Eugène Platteau

Personal information
- Full name: Eugène Platteeuw
- Nickname: Flandrien
- Born: 18 September 1886 Roeselare, Belgium
- Weight: 65 kg (143 lb)

Team information
- Discipline: Road Track
- Role: Rider

Professional teams
- 1908: Alcyon–Dunlop
- 1909: Dürkopp
- 1911: La Française–Diamant
- 1913: La Française–Diamant

= Eugène Platteau =

Belgian cyclist

Eugène Platteau, in civil registration Eugène Platteeuw, (born 18 September 1886) was a Belgian professional road and track cyclist who competed during the 1900s and 1910s.

==Biography==
Born in Roeselare, Belgium, in 1886, Platteau rode professionally for Alcyon–Dunlop in 1908, for the German Dürkopp team in 1909, and for La Française–Diamant in 1911 and 1913.

Platteau was one of the first cyclists in cycling history to be referred to as Flandrien by the French newspaper La Dernière Heure, a designation for riders originating from the Belgian provinces of West and East Flanders.

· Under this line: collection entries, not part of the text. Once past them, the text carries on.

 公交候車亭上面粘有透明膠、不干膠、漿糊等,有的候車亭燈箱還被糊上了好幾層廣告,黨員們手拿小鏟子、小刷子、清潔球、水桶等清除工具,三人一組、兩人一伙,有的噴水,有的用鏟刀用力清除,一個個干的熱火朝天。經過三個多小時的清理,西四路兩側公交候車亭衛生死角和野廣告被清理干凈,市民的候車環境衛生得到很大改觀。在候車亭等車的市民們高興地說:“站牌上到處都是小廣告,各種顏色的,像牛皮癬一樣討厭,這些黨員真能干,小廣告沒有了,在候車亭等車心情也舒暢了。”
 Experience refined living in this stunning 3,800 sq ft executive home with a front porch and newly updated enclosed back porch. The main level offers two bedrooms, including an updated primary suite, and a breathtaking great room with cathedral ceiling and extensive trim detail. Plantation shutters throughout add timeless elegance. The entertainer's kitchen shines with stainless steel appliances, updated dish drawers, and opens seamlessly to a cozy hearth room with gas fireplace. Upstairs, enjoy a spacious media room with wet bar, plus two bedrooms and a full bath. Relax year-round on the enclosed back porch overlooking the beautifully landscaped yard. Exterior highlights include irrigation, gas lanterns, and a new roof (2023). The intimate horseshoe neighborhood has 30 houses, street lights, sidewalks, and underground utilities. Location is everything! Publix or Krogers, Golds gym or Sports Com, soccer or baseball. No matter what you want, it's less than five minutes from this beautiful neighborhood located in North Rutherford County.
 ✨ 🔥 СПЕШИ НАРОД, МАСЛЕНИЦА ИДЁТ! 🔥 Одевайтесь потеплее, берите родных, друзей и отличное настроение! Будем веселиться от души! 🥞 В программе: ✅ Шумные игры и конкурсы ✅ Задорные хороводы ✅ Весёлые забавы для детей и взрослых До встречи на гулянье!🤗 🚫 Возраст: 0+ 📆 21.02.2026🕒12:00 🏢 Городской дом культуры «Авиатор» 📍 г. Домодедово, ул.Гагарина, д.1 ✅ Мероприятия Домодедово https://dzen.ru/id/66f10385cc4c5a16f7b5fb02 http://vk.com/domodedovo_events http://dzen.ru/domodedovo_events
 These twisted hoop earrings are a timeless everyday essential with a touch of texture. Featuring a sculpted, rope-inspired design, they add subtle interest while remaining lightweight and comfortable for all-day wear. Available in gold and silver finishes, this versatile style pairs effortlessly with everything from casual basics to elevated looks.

The term would later acquire a broader, more symbolic meaning.

In 1907 Platteu started winning cycling races, including in Laken, Mons and Namur. He also placed fourth in the cycling monuments 1907 Paris–Tours, and was runner-up in the Scheldeprijs in 1907.

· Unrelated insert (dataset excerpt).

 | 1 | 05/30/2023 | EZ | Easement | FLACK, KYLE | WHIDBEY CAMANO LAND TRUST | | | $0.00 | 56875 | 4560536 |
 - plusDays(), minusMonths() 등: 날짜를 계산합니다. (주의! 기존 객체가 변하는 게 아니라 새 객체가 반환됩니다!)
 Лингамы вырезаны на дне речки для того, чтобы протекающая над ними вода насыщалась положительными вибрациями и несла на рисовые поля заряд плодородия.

The next year he competed professionally with Alcyon–Dunlop. He also won the bronze medal in the 1908 Belgian National Road Race Championships behind Francois Verstraeten and Cyrille van Hauwaert. He also finished third overall in the Tour of Belgium, including achieving four stage podium finishes. In his first Tour de France that year he finished 8th in the opening stage from Paris to Roubaix.

The next year he rode with the German Dürkopp team , and didn't compete that year in the main international races in Belgium and France. As a track cyclist, he won bronze medal at the 1909 Belgian National Track Championships in the motor-paced event, and would become runner up the next year in 1910.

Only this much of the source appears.